Take, for example, Eliana Rubashkyn. In 2014, the Colombian transgender woman was passing through Hong Kong when officers detained her. Her face didn’t match her passport photo: She had transitioned since the photo was taken. The male officer who searched her grabbed her breasts and touched her penis—no one was punished or charged. Jai feels these things happen in Hong Kong because the LGBT is invisible to the government.

“A few months ago, we had a meeting with the Census and Statistics Department and we asked them to collect information on sexual orientation and they refused. We asked them to include information on gender identity and they refused,” says Jai. “We asked them to include information on overseas same-sex marriages and they refused. They are deliberately making the LGBT community invisible.”
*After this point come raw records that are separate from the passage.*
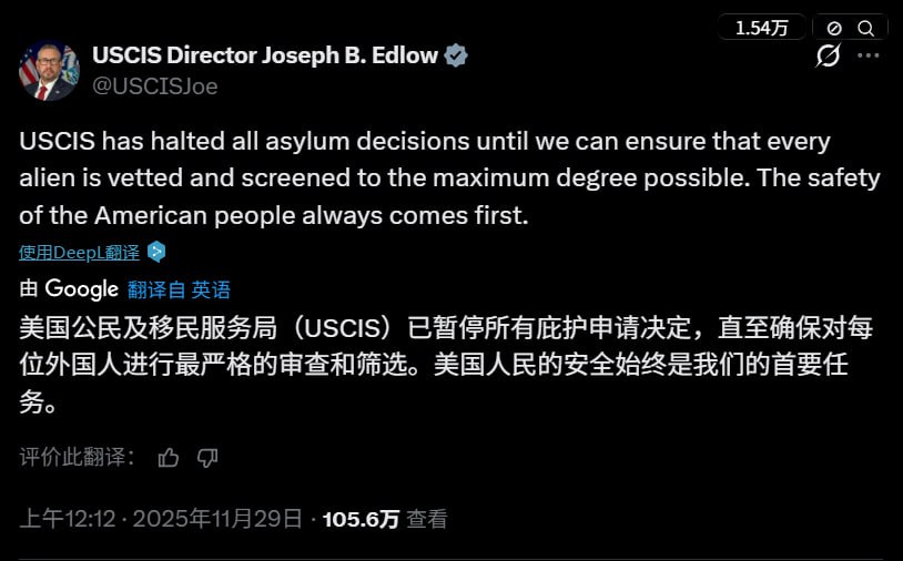 11月29日,美国移民局(USCIS)局长 Joseph B. Edlow 的官方 X 账号发布声明:美国移民局已暂停所有庇护申请决定,直至确保每一个入境的外国人都经过最严格的审查与筛选。美国人民的安全始终是我们的首要责任”。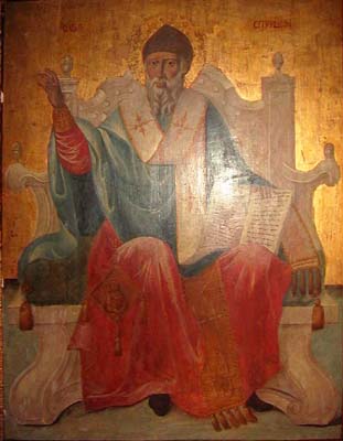 Vescovo di Trimisunte (303-348), tra i taumaturghi della chiesa greca onorò la chiesa. Partecipò al consiglio di Nicea 325 distinguendosi per lo spirito combattivo contro l'areanesimo. Per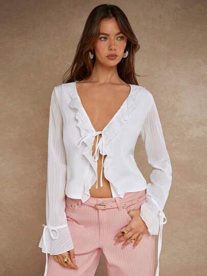 COSMINA Ruffle Trim Knot Front Flounce Sleeve Blouse - White - View 1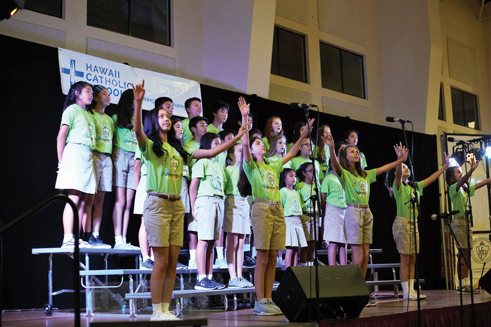 Students from Holy Family Catholic Academy were among a dozen performing groups at the 5th Annual Hawaii Catholic Schools Choral Festival, March 2 at the Clarence T.C. Ching Gymnasium in the Maryknoll Community Center. The theme of this year’s festival was “Ode to Mary.” (Photo courtesy Deborah Manog and Hawaii Catholic Schools office)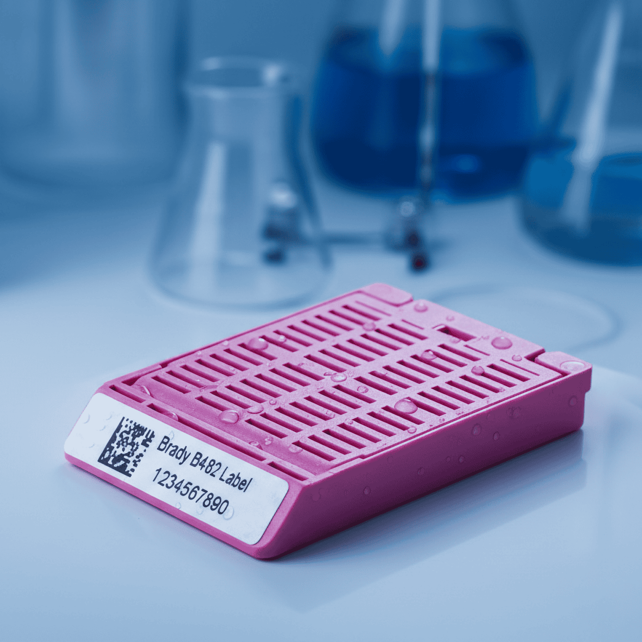 Vysoká odolnost vůči etanolu, xylenu, izopropanolu a dalším běžným laboratorním činidlům. Text i čárové kódy zůstávají neporušené.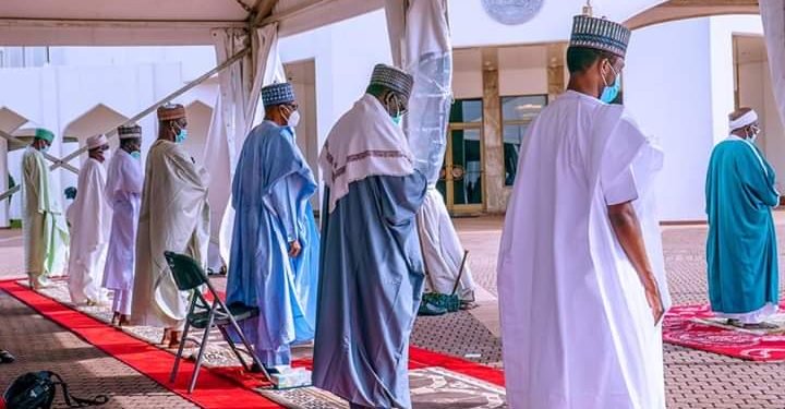 Here are photos of President Buhari observing Sallah prayers with few others today as Muslims all over the world celebrate Eid-El Kabir.

Doriane Lau of Amnesty International says that “when government officials form special committees to discuss social issues, the LGBT community groups are left out.” Meanwhile, she says, a religious anti-gay group, the Society for Truth and Light, has been invited to speak at schools by the government. And so has the Post-Gay Alliance, a group that advocates sexual conversion. 

In the case of the man who nearly had to give up the ashes of his dead husband, a spokeswoman from the UK Foreign Office wrote to HK Magazine saying that the UK was issuing a death registration to acknowledge the couple’s marriage. Airport security has dodged multiple requests for comment, including ours. Although the horizon is grim—a new census report coming out in June will not include any information on sexual and gender minorities—LGBT groups and community members will continue their campaign for basic rights.

“To pass a nondiscrimination ordinance is to legally recognize the rights of LGBT people, which has never happened before,” says Lau. “The government is not ready."